Internet Resources Selected by Librarians

  • Ready Reference Shelf - the librarians at UT have put together a list of Internet resources that we find useful at our Reference Desk, organized by broad subject categories.
  • Subject Guides - UT librarians have also created subject guides to resources within Carlson Library and on the Internet.
  • Librarians' Index to the Internet - Selected by a group of California librarians, this searchable directory lists great resources in a wide variety of categories.

Searching the Internet

Some familiar examples of search engines include Google, Yahoo and Ask.  Search engines gather websites to include in their database using an electronic "spider" that crawls the web looking for new websites, updates current sites, or deletes obsolete sites.  Search engines index every word on the web pages they know about, so they are more comprehensive than directories.

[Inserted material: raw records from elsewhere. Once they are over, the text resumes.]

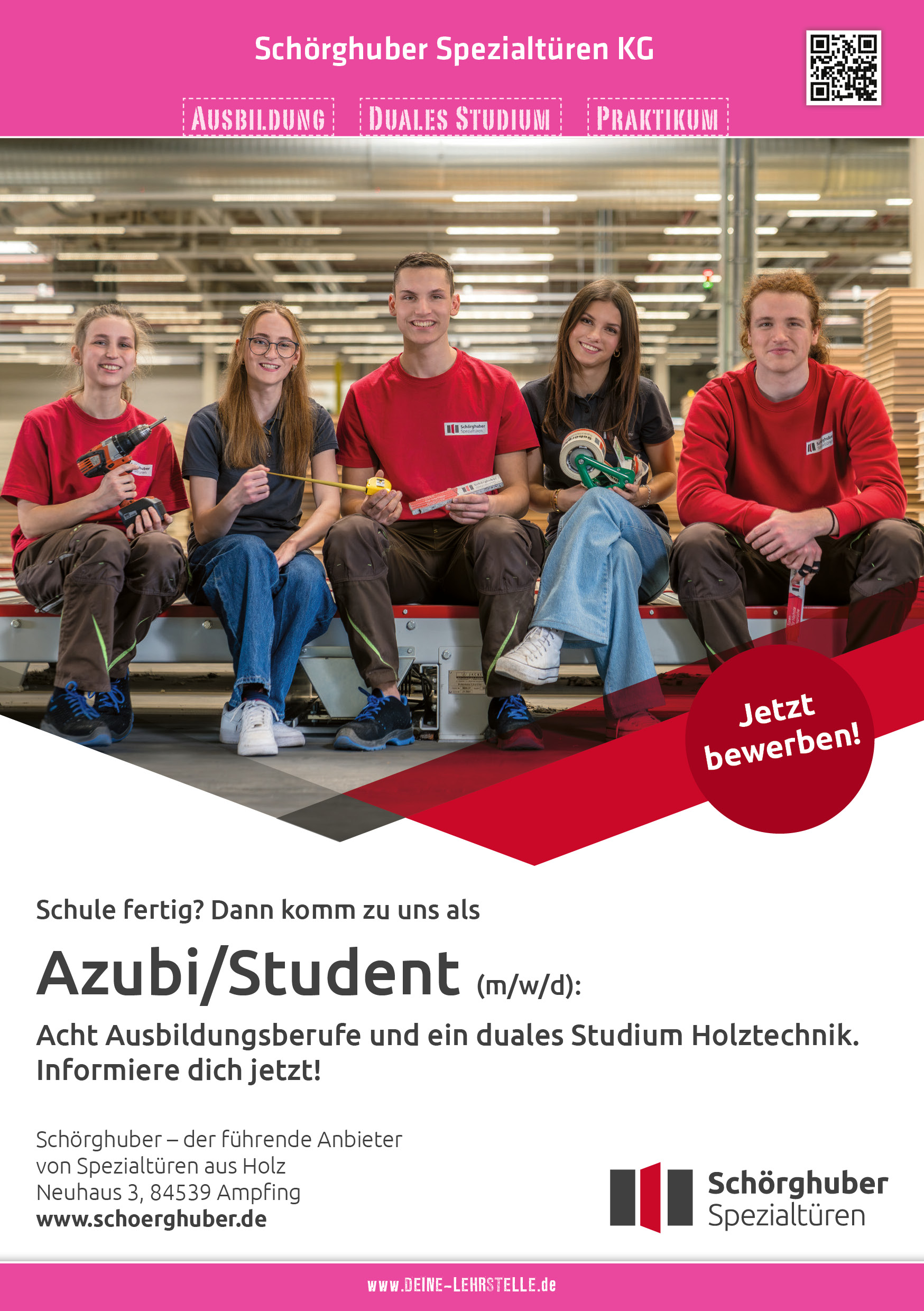 Als führender Hersteller von Spezialtüren setzt Schörghuber seit Jahren Maßstäbe in Qualität und Design. An unseren beiden Produktionsstandorten in Ampfing und Jahrdorf arbeiten über 450 Mitarbeiter, um Holztüren nach den neuesten und nachhaltigsten Standards zu entwickeln und zu produzieren. Lass uns gemeinsam ein Teil der Erfolgsgeschichte werden.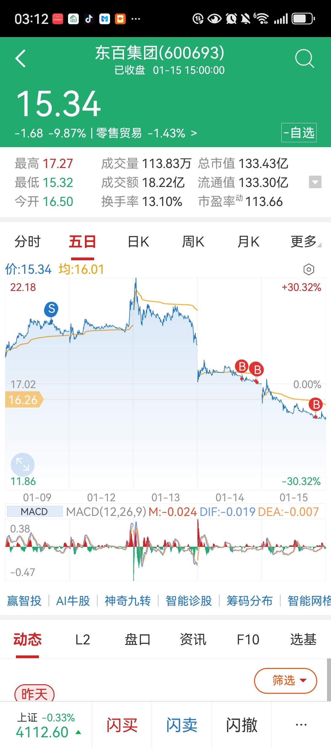 $东百集团(SH600693)$ 昨天尾盘加的,想着今天涨起来,哎想多了,今天买了一点,成本16.42,加油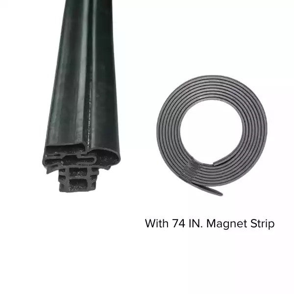 Measure the gasket’s length and height in inches, and check how it is mounted on the door.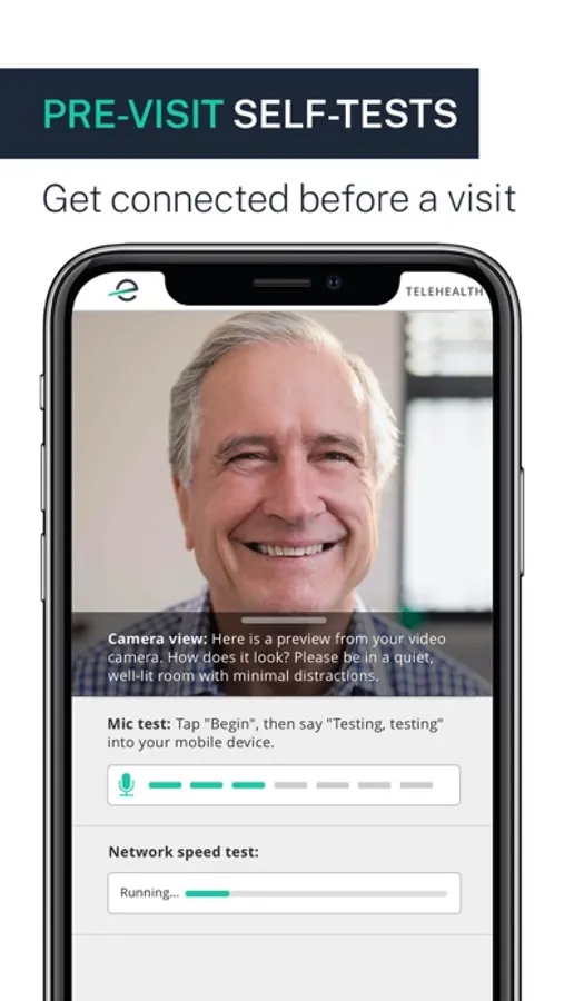 2. Before your visit, test your connection by navigating to the app’s home screen and clicking the “Self-Test” button. This test will show you the strength of your audio and video connections.

However, this also means that they may find a lot of irrelevant pages.  Results are displayed in order of relevance (or the number of times the words appear in the website).  The exception to this rule is Google, which ranks the results by the number of times other sites have linked to them.  A separate guide is available for two Google research tools, Google Book Search & Google Scholar

Tips for improving your search engine results:

  • Put words in "quotation marks" if you want them to be searched as a phrase (next to each other).
  • Put a minus sign (-) in front of words or phrases that you want to exclude from your results.
  • Use the advanced searching features to limit to a specific domain, such as: gov, org, edu.

 Meta-search engines: Some examples of meta-search engines include Dogpile, MetaCrawler, and Clusty.  Meta-search engines search the content of several individual search engines and then show the top results from each.  Many of the meta-search engines list the most relevant first, but can be changed to list them by search engine.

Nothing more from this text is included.